READINGS
PLUTONIUM IN SPENT FUEL

Regardless of the mix of isotopes in plutonium, there exist the potential for using it to make nuclear weapons. Analyses have been made of the relative risk of proliferation for a wide variety of scenarios of which two are most important: With reprocessing, the separated plutonium must be successfully safeguarded and not diverted, even by government action.

The alternative scenario involves keeping the plutonium in the spent fuel and disposing of it directly as nuclear waste - a once-through fuel cycle. Most of the spent fuel consists of inert uranium oxide. Less than 1% is fissionable U-235 and the plutonium oxide content is also about 1%. All of the intensely radioactive fission products also remain in the spent fuel. For this reason, commercial reprocessing must be done remotely, using massive radiation shielding and sophisticated automated handling equipment. The radioactive waste itself serves as an effective barrier.

Since there is so much spent fuel in existence, analysts planning the disposition of excess weapons plutonium say that plutonium as inaccessibleas in spent fuel meets a "spent fuel standard" and requires no more immediate changes to reduce proliferation risk.

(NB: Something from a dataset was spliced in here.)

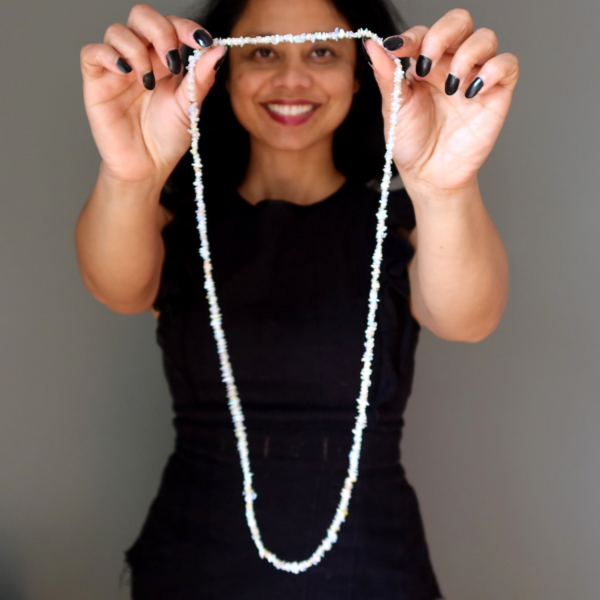 Your new necklace is beaded with natural Opals. This is a translucent yellow gemstone with rainbow flashes on a strand that can fit over the head without a clasp. Each stone is unique.

The long-term risk with direct disposal of spent fuel develops as radioactivity of fission products decays. The dangers to persons from retrieving spent fuel and chemically separating the plutonium can be assessed as a function of time. Decades from now the radioactivity would be low enough to permit mining and reprocessing to separate the plutonium. Also, the plutonium itself becomes less rich in the shorter half-life heavier isotopes, making it a somewhat more attractive weapons material.

Sir Walter Marshall, when he headed Britain's nuclear power program, called a spent fuel repository a "plutonium mine." However, in either scenario--burning plutonium as MOX fuel or direct disposal--the proliferation risks are low. Neither scenario has an obvious nonproliferation advantage over the other.